Exercise requirements: Copy only what lies from the line containing "Trong đó, nguồn" through the line containing "W naszym przedszkolu" in the entries below, keeping both end lines exact and dropping every picture.
:: Data to process
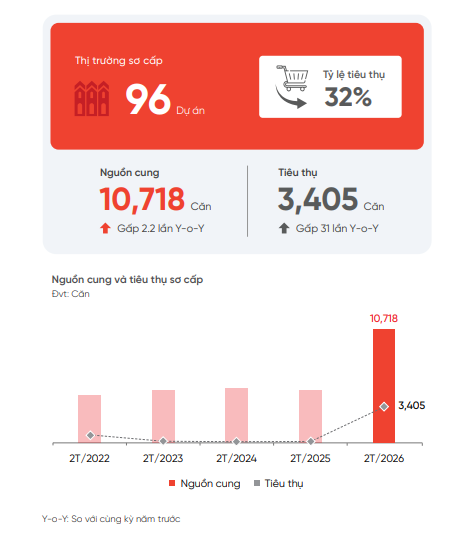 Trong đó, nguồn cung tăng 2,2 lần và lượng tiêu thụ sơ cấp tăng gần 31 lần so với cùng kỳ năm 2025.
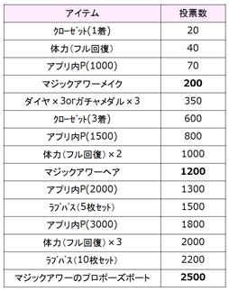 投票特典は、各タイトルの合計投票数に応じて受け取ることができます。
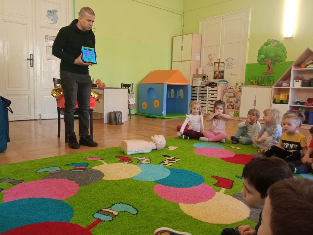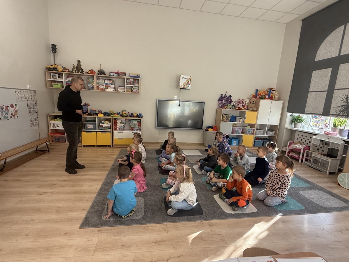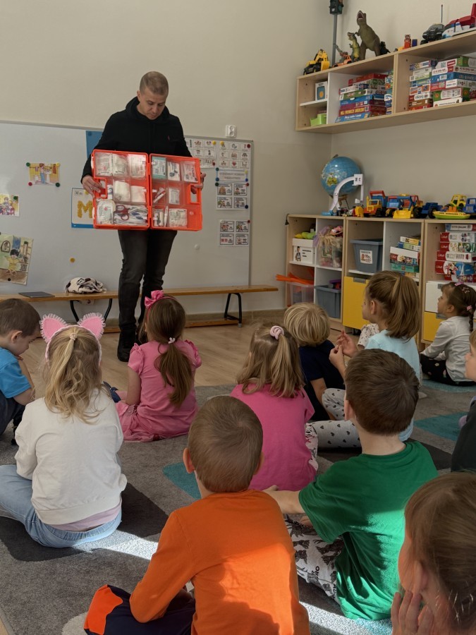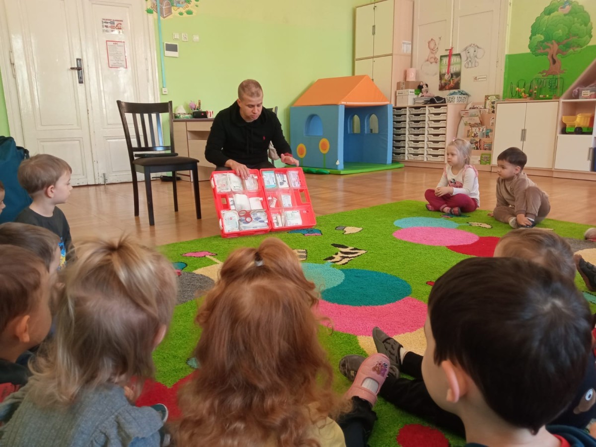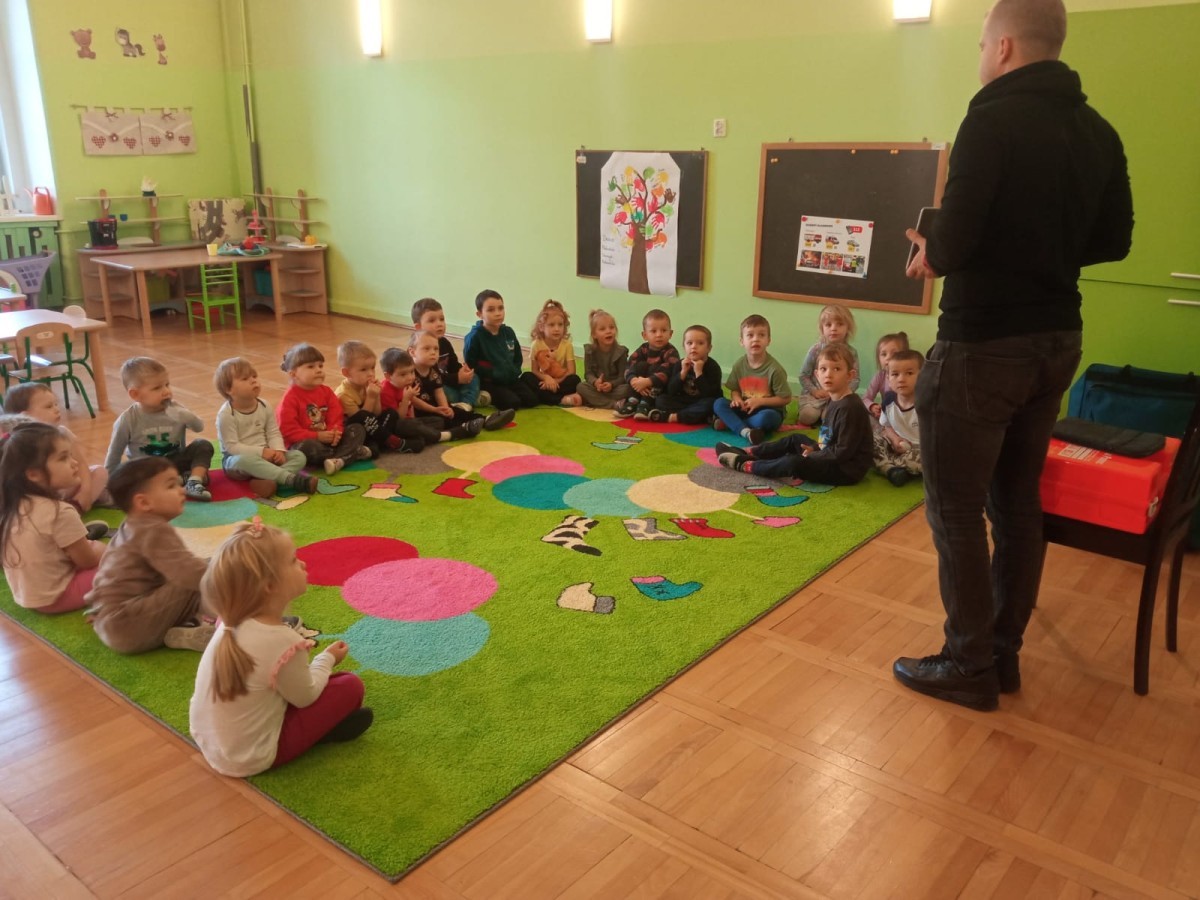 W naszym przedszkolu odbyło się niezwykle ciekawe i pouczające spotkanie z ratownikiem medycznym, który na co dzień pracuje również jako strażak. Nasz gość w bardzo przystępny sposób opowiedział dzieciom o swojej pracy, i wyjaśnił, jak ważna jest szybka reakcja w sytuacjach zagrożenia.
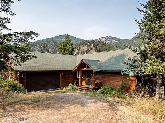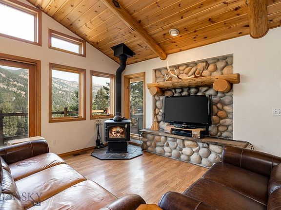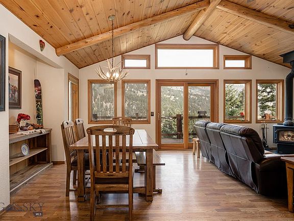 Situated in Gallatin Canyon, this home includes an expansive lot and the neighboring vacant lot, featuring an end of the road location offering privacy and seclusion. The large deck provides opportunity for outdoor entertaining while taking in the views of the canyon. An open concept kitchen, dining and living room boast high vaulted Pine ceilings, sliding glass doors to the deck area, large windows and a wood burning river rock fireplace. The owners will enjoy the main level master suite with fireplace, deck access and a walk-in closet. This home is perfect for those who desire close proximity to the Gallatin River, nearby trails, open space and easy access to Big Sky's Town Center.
::::
:: Data to process
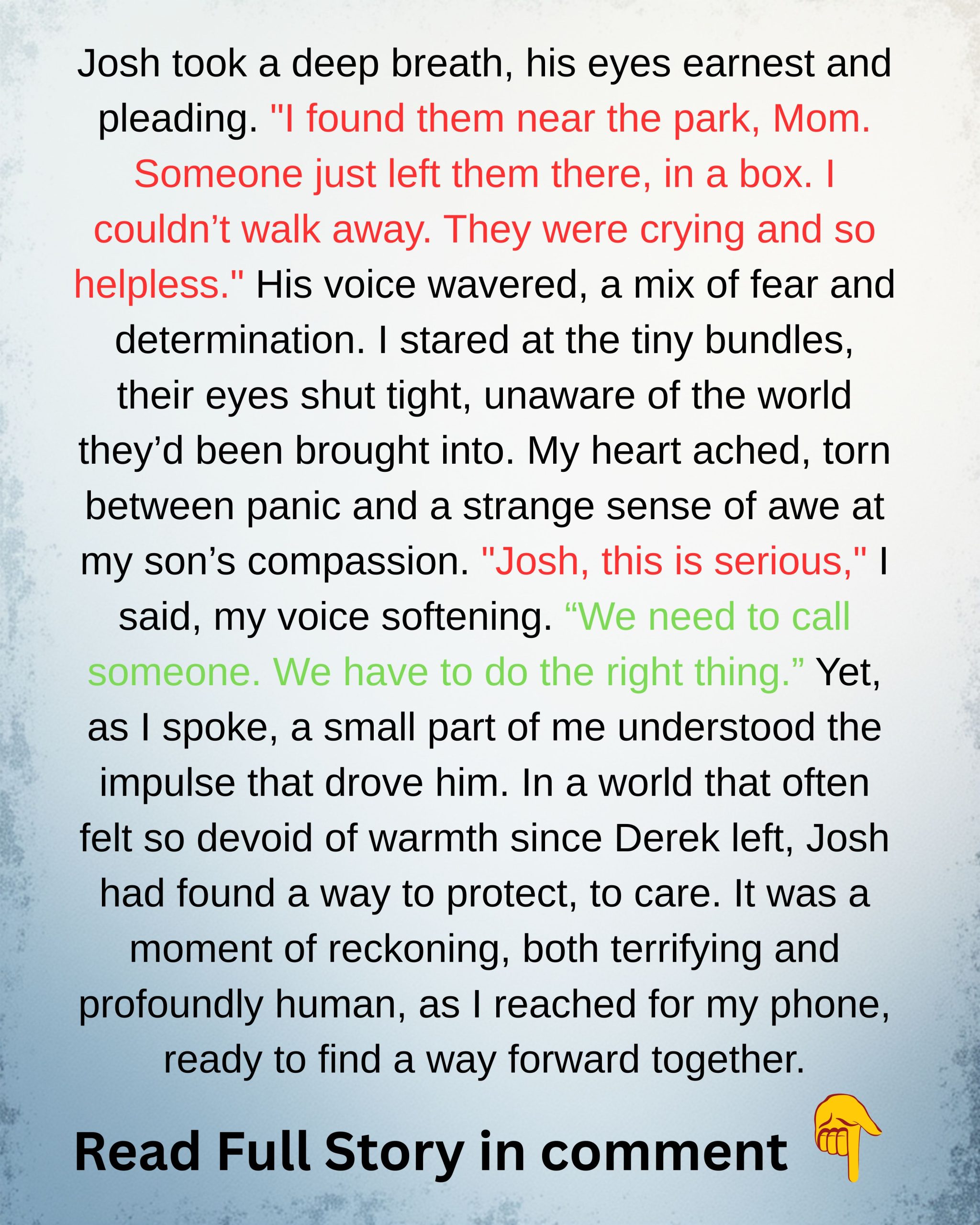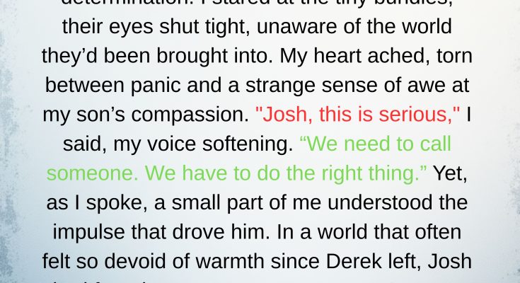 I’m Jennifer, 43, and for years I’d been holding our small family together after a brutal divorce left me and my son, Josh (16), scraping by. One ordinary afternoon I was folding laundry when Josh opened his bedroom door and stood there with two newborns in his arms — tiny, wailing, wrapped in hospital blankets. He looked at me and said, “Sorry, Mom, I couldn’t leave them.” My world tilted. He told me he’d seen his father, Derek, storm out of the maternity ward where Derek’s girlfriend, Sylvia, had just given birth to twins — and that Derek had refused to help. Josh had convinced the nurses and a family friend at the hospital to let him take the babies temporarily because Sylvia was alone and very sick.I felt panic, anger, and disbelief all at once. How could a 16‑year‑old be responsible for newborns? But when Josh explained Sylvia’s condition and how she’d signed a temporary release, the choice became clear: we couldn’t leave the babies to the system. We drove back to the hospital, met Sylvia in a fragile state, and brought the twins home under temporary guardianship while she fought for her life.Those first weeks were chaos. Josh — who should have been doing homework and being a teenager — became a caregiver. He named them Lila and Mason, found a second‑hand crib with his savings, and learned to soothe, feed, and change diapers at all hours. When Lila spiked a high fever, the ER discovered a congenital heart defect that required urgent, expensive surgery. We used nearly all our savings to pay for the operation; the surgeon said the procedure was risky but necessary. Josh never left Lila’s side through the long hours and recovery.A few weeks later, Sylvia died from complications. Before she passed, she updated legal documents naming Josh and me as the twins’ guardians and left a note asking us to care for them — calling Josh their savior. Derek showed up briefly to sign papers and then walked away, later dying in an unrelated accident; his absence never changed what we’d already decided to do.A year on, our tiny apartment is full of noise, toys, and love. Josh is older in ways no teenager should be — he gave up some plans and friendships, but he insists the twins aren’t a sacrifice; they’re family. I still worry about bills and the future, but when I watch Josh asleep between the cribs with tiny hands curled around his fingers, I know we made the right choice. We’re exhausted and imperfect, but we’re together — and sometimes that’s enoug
::::
Solution to the problem:
 Trong đó, nguồn cung tăng 2,2 lần và lượng tiêu thụ sơ cấp tăng gần 31 lần so với cùng kỳ năm 2025.
 投票特典は、各タイトルの合計投票数に応じて受け取ることができます。
 W naszym przedszkolu odbyło się niezwykle ciekawe i pouczające spotkanie z ratownikiem medycznym, który na co dzień pracuje również jako strażak. Nasz gość w bardzo przystępny sposób opowiedział dzieciom o swojej pracy, i wyjaśnił, jak ważna jest szybka reakcja w sytuacjach zagrożenia.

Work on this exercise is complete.